5.1.2 CAN Physical Layer
AB CAN physical layer requirements are the same as the SAE J1939 Standard:
• CAN 2.0B devices
• 29 bit CAN message headers
• 250K bits per second
• Proper bus wiring, terminations, etc.
5.1.3 Address Claiming
Rather than using a pre-assigned CAN node address, AB devices use the J1939 method of address claiming, detailed in ‘SAE
J1939-81 Network Management’. Although the integrator must be aware of this, it is not necessary for them to understand or
use this technique. Integrator considerations regarding this are summarized in Appendix A.

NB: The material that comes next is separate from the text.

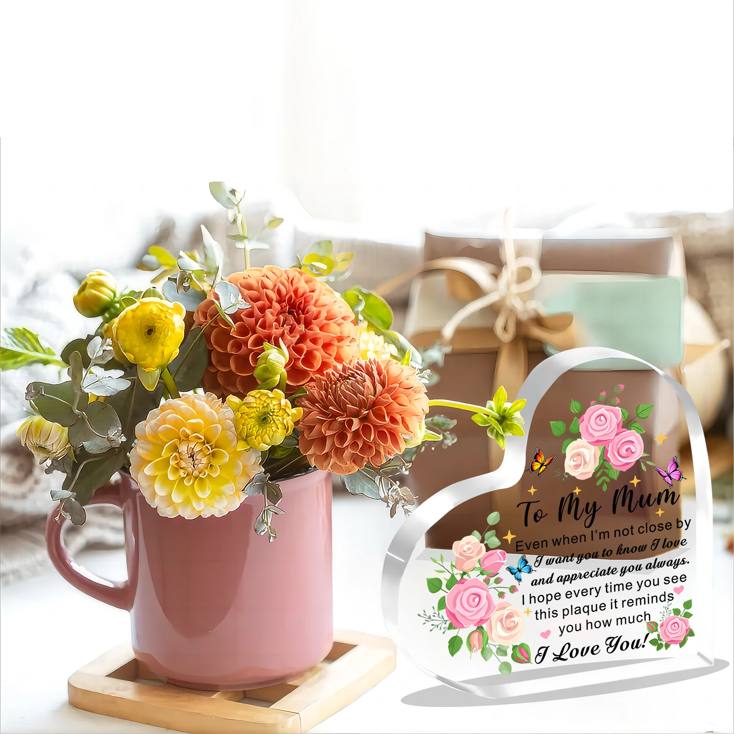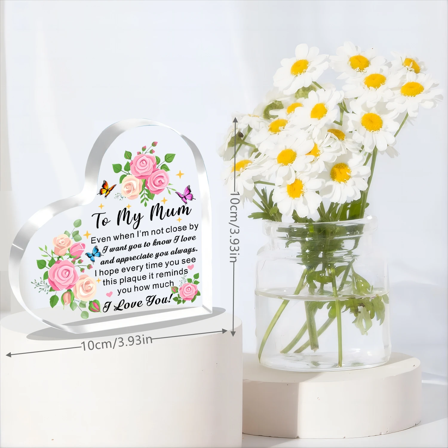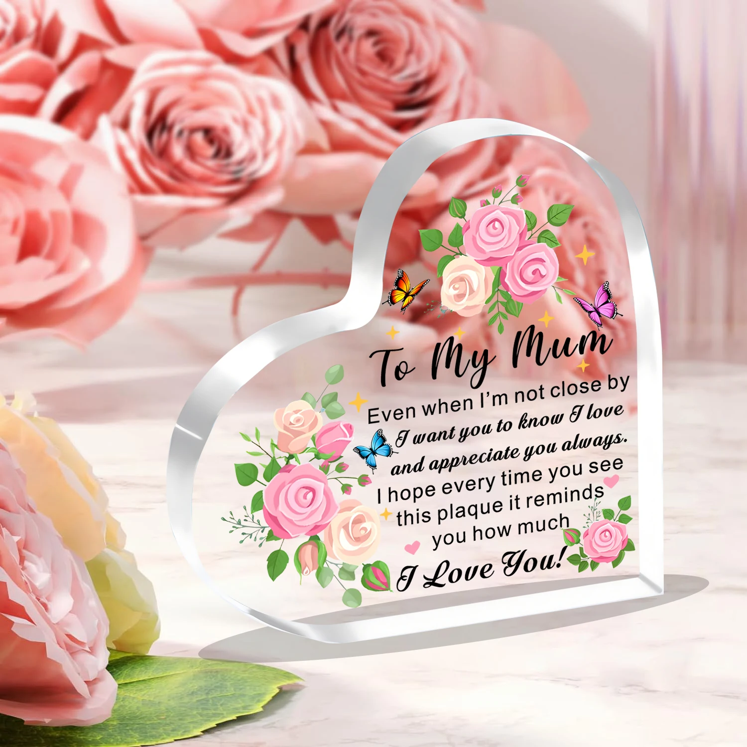 Imagine gifting this beautiful acrylic heart-shaped plaque to your beloved mother, capturing her heart with its vibrant design and heartfelt message. Crafted from clear, durable plastic, this plaque’s sleek, polished edges complement its transparent surface, making it an eye-catching decorative piece. Adorned with detailed artwork featuring pink and cream roses, lush green leaves, and tiny rosebuds, it evokes warm feelings of love and appreciation. Playful butterflies—orange, pink, and blue—flutter across the floral display, adding whimsy and liveliness. Scattered yellow star-like sparkles further enhance its celebratory aura. The heartfelt message, “To My Mum,” combined with loving words, makes this plaque perfect for Mother’s Day or any special occasion to remind her of your deepest affection.

5.1.4 General Message Characteristics
To allow AB devices to cooperatively communicate on a vehicle bus shared with other message traffic, all AB messages utilize
the point-to-point and broadcast ranges of message IDs set aside in ‘SAE J1939-71 Vehicle Application Layer’ for vendors to use
to transmit data not otherwise defined in the J1939 specification. The messages are structured as follows:
Header (29 bits) 2 22 11 00 0
8...43...... 65.....87 ......0
[A]
0011101111 [ B ] [ C ]
[A] = 3 bits, Priority (7 = 111 = lowest, 0 = 000 = highest)
2 bits, 00
8 bits, 0xEF
[B] = 8 bits, Target node, or 0xFF for Broadcast
[C] = 8 bits, Source node
Note that the Priority field is used only for bus arbitration. All messages are
parsed based on the low order 26 bits of the header.
Data length – 1 to 8 bytes
Data byte 0 – Message type
Data bytes [1-7] – Data for message type (0 to 7 bytes)
No logical messages are spanned across multiple physical CAN messages.